The Jewish Nation-State Law discriminates not only against Palestinians, but against religious minorities which include Muslims and Christians who make up 20% of Israel’s population. One group affected by this law (who have historically been staunch supporters of Israel and many of whom hold high-ranking positions in the IDF) are Druze, ethnic Arabs who follow a religious movement that broke away from mainstream Islam. The Druze community in Israel held a protest in Tel Aviv against the new law in early August, and they were joined by former military and defense officials, including some from the Mossad and Shin Bet. They are advocating for amended language in the new law that ensures equality for all minorities, which Prime Minister Netanyahu has rejected.
Even US Jewish intellectuals are finding this crossed a line.
- Analysis of Israeli security apparatus, nationally and globally
While Israel considers itself a democracy, it is actually a national-security state. Its military-intelligence apparatus is ubiquitous in the everyday affairs of its citizens and its tech firms are also available for hire as global agents of repression.
- New Israeli medical school opens in the West Bank settlement of Ariel
Financed by Sheldon Adelson, Israel has opened a medical school in the illegal West Bank settlement of Ariel. This school and its graduates must be boycotted by academics as it is built on stolen land and will admit almost exclusively Jewish Israeli students.
- Palestinian refugees in camps in Lebanon face similar challenges to those in Gaza.
Palestinian refugee communities living in camps in Lebanon face many of the same challenges as residents of Gaza. Limited electricity, unemployment, long distances to services and education, and access to medical care are constant issues in their daily lives. Medical Aid for Palestine’s partner organization Naba’a provides free gynecological services to women in the the Ein el Helweh camp. These services include screening for early detection of breast and cervical cancer.
UPDATE ON BDS
- The article compiles a list of 70 moments in 2018 demonstrating solidarity with BDS and for Palestine.

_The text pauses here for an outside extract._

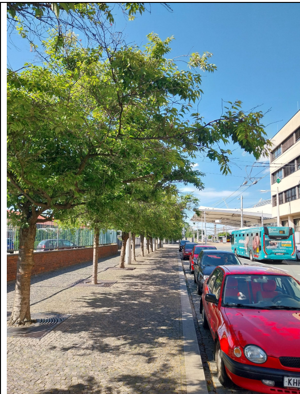
ulice Sladkovského - přesah některých menších větví Prunus subhirtella přes hranu obrubníku

The 70 moments mark the seventieth anniversary of Nabka, or “Catastrophe,” wherein Palestinians faced mass expulsion from their homes to establish a Jewish-majority state. The growing movement supporting BDS and opposition to Israeli occupation has extended to governments, city councils, members of Parliament and political parties in several countries, many of whom are working to impose a military embargo on Israel and/or revise or stop arms sales and training with the Israeli military.
CONTRADICTIONS RE: HUMAN RIGHTS AND JEWISH PRIVILEGE
- Important reflections in the NY Review of Books on the historical tradition of support for human rights in the Jewish community and the contradictions within Israel of supporting Jewish rights at the price of violating Palestinian rights.
“One can’t help but notice how the Jewish fight for rights as a national minority within rabidly nationalist Central and Eastern Europe merged, after an unthinkable catastrophe, with the struggle for a Jewish nation-state in Palestine that now, seventy years later, discriminates against its own Arab minority within the Green Line (the pre-1967 border) and savagely persecutes millions of Palestinians in the occupied territories.”